5. AGE and ADAPTABILITY. In his 1991 report "Building the Open Master
Platform" Wes Melling of the Gartner Group said (0.8 probablity): "Don't
Trust Anyone Over 30." From my own experiences as an instructor I can
tell you that it is amazing how two applications programmers with roughly
the same IQ can hear completely different things when one of them is a
26-year old of a couple years experience and the other is a 25-year
IBM and COBOL veteran. The latter group consistently has lower test
scores on an open-book post-course evaluation and when you go over it
with the veteran the problem is that their pattern-recognition algorithm
in their head short-circuited the meanings into old and subsequently
wrong definitions. As long as the people are "trapped by their experience"

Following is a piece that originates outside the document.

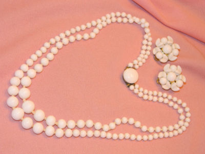 Vintage Retro 2 Strand Milk Glass Bead Necklace Earring

it won't work against them (i.e. although I am also a PDP-11 programmer
and know TECO and could still code some of these kids into the ground
using a 64Kbyte RAM RT-11 system, I am not functioning virtually in that
environment today using exclusively TECO and writing Fortran-IV code).
In my town we represent this by saying "a good programmer can write
"Fortran" in *any* computer language." Likewise the quality of
adaptability may have nothing to do with age, i.e. Dave Cutler is one
of the primary visionaries behind NT and he is 50 (although Cutler's
vision may have been the same 20 years ago and Digital just never got
around to following through, there is no doubt that his opinions were
at least refined by things like the PRISM or VAXeln).
6. SOFTWARE DESIGN. If the problem isn't clearly defined and understood
you can have people who meet all of the above criteria and still be
completely ineffective. If the project management doesn't include people
who can properly design the system it is not an "Rdb problem" per se and
will fail using any vendors platforms and databases.
Technology, training, experience, character, age and adaptability and
software design all SEVERELY impact the question at hand. If you have
people who are very strong in all of those areas 2-3 people can get as
much or more done as a team of 20-30 who are uniformly weak in these
areas (ask me about government work sometime). Any model or article
that reduces these factors to a simplistic rule of thumb is making
very dangerous assumptions and will be inaccurate.
I hope this give you some insight into the problem.